* [Try it]:
Each line of the data is to be output verbatim, with the images removed.

Recorded data Start Marker

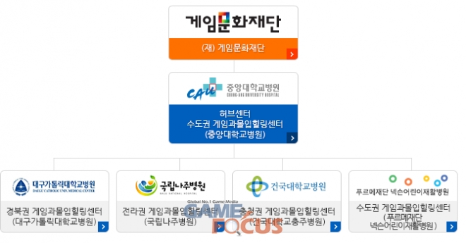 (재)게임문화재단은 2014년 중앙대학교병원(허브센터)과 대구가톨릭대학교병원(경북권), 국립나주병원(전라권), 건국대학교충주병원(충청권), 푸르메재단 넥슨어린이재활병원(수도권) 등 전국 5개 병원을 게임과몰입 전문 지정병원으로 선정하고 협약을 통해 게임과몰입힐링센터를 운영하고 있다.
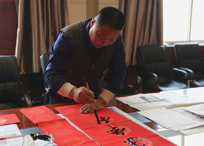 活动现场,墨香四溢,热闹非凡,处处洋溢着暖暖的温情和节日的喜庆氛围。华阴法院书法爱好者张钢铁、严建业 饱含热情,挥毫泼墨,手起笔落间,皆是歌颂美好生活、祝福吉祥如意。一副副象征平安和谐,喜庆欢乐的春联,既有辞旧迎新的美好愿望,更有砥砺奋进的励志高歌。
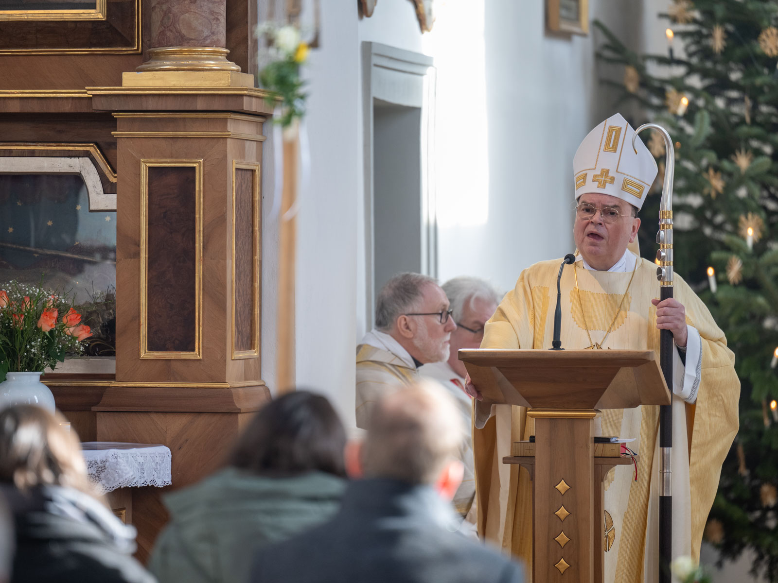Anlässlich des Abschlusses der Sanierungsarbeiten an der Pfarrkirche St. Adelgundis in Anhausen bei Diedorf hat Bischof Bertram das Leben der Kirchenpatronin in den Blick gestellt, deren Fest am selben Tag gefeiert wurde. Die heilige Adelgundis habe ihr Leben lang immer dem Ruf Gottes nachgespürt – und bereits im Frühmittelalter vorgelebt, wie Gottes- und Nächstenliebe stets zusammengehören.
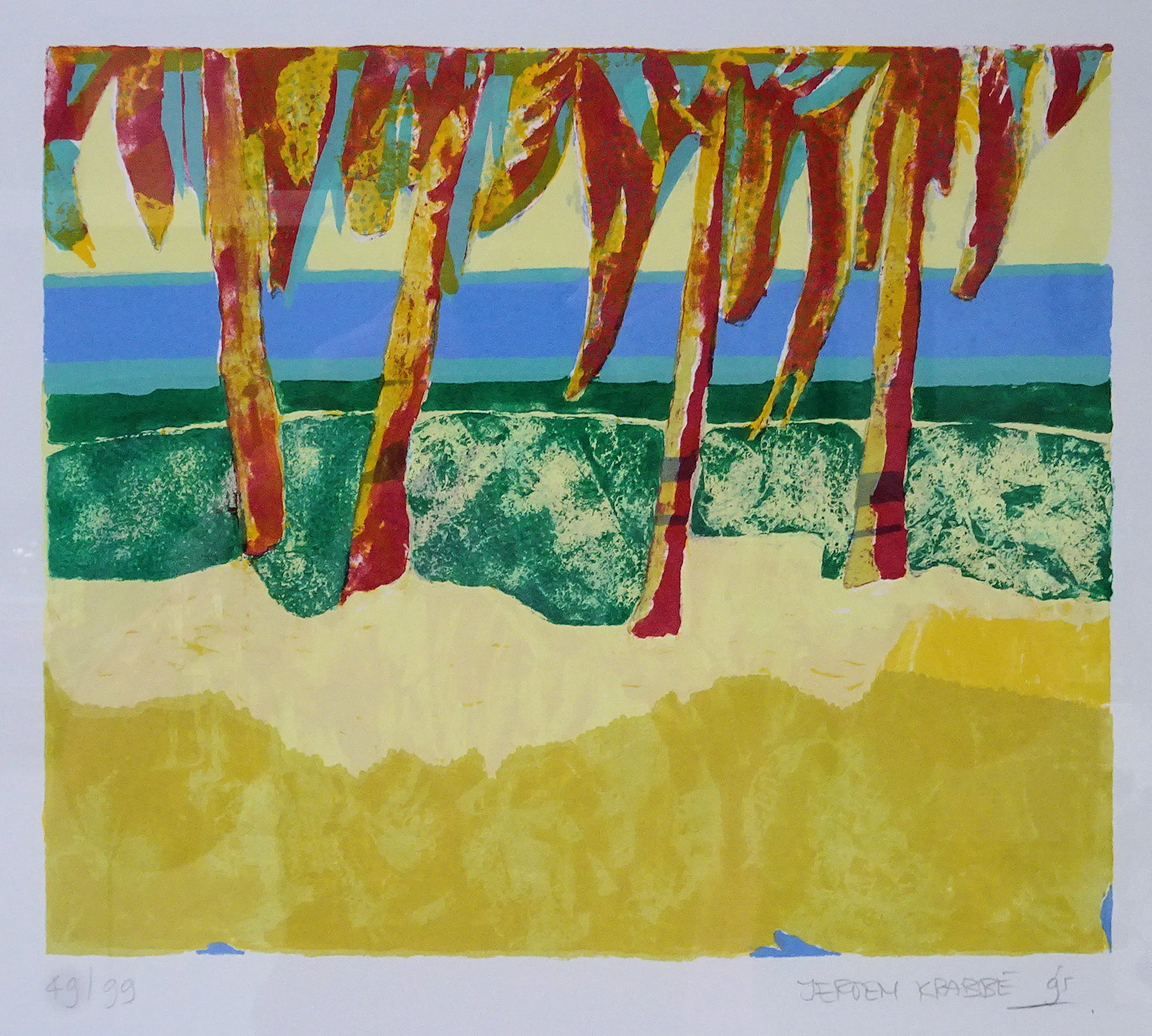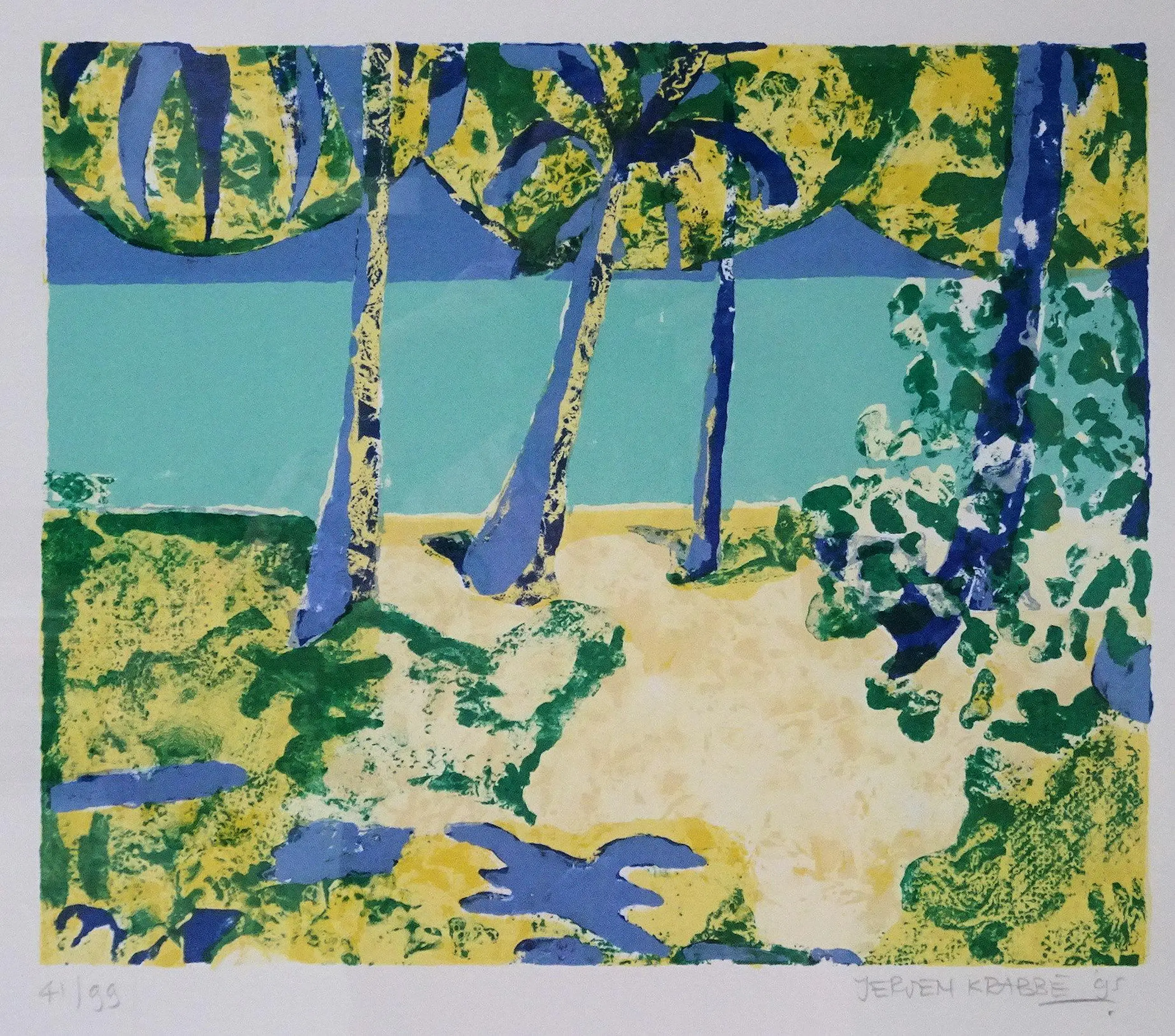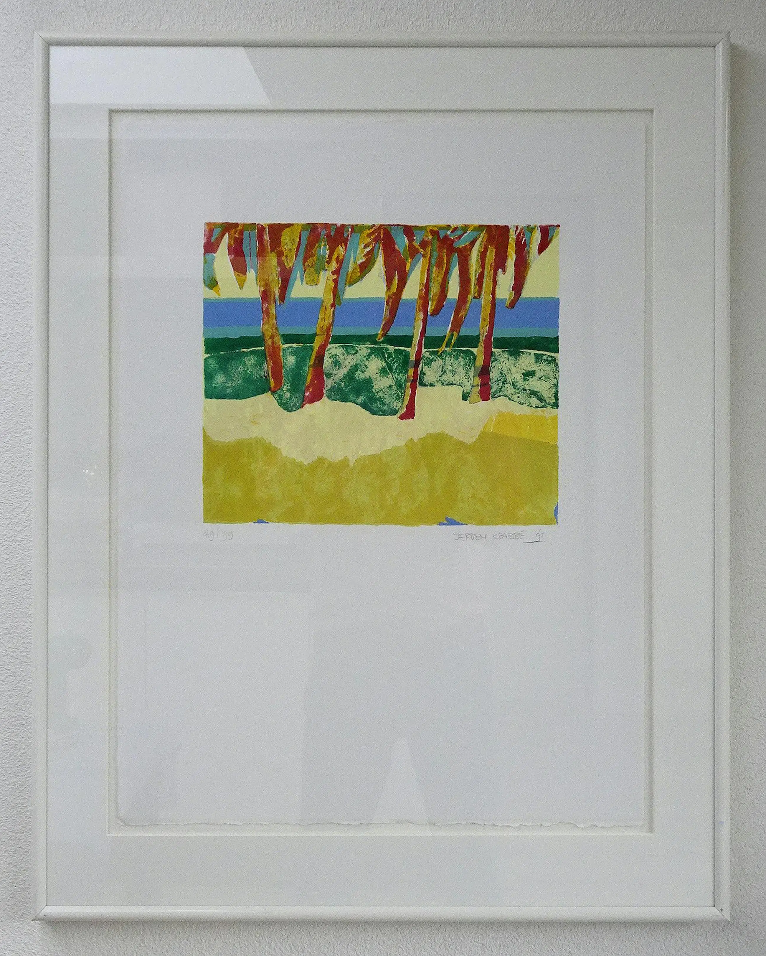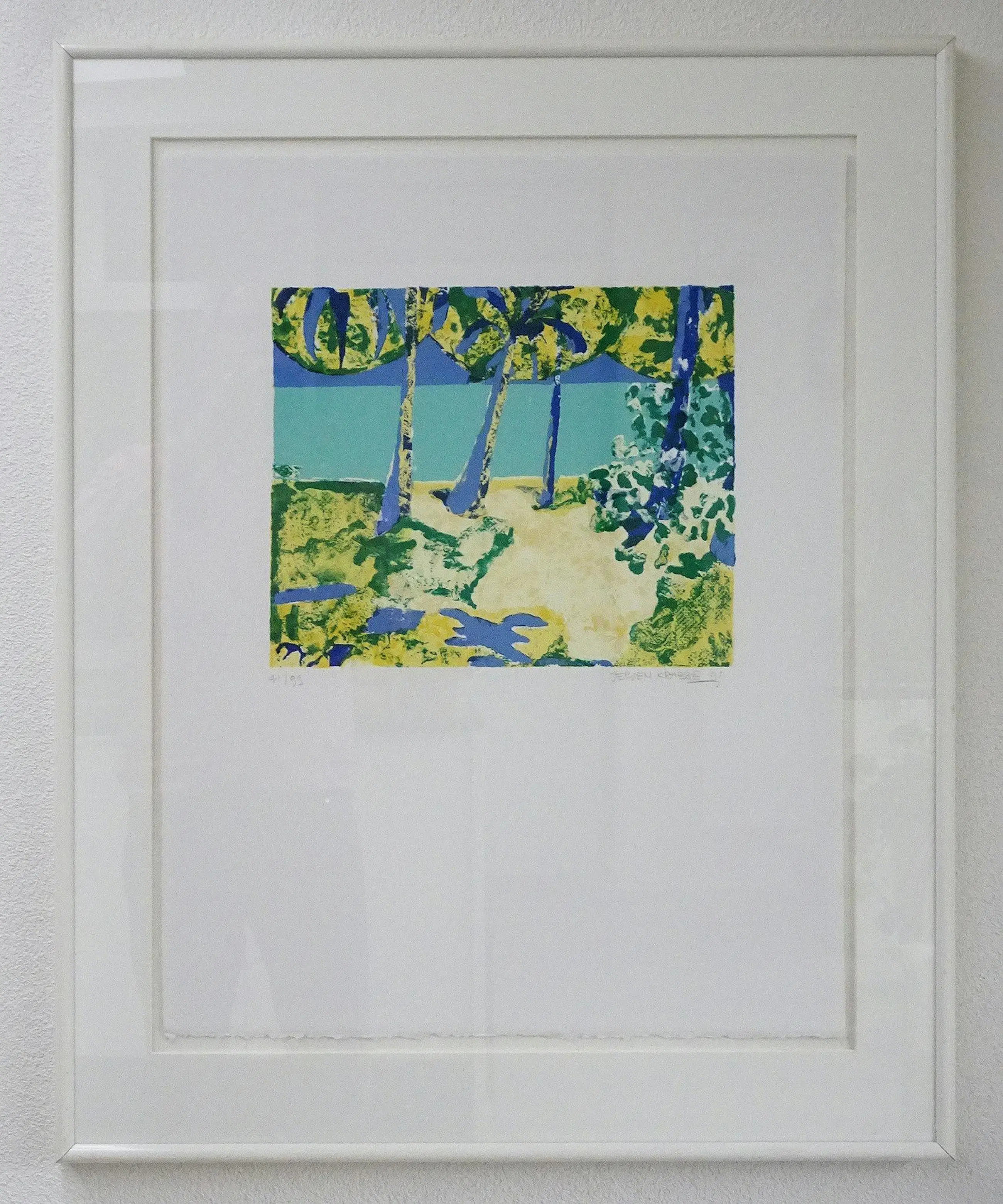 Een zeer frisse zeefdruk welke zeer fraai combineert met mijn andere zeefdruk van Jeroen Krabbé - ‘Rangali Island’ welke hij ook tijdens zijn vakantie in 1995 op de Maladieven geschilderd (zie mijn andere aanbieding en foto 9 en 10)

Recorded data End Marker

* [Response to the task]:
 (재)게임문화재단은 2014년 중앙대학교병원(허브센터)과 대구가톨릭대학교병원(경북권), 국립나주병원(전라권), 건국대학교충주병원(충청권), 푸르메재단 넥슨어린이재활병원(수도권) 등 전국 5개 병원을 게임과몰입 전문 지정병원으로 선정하고 협약을 통해 게임과몰입힐링센터를 운영하고 있다.
 活动现场,墨香四溢,热闹非凡,处处洋溢着暖暖的温情和节日的喜庆氛围。华阴法院书法爱好者张钢铁、严建业 饱含热情,挥毫泼墨,手起笔落间,皆是歌颂美好生活、祝福吉祥如意。一副副象征平安和谐,喜庆欢乐的春联,既有辞旧迎新的美好愿望,更有砥砺奋进的励志高歌。
Anlässlich des Abschlusses der Sanierungsarbeiten an der Pfarrkirche St. Adelgundis in Anhausen bei Diedorf hat Bischof Bertram das Leben der Kirchenpatronin in den Blick gestellt, deren Fest am selben Tag gefeiert wurde. Die heilige Adelgundis habe ihr Leben lang immer dem Ruf Gottes nachgespürt – und bereits im Frühmittelalter vorgelebt, wie Gottes- und Nächstenliebe stets zusammengehören.
 Een zeer frisse zeefdruk welke zeer fraai combineert met mijn andere zeefdruk van Jeroen Krabbé - ‘Rangali Island’ welke hij ook tijdens zijn vakantie in 1995 op de Maladieven geschilderd (zie mijn andere aanbieding en foto 9 en 10)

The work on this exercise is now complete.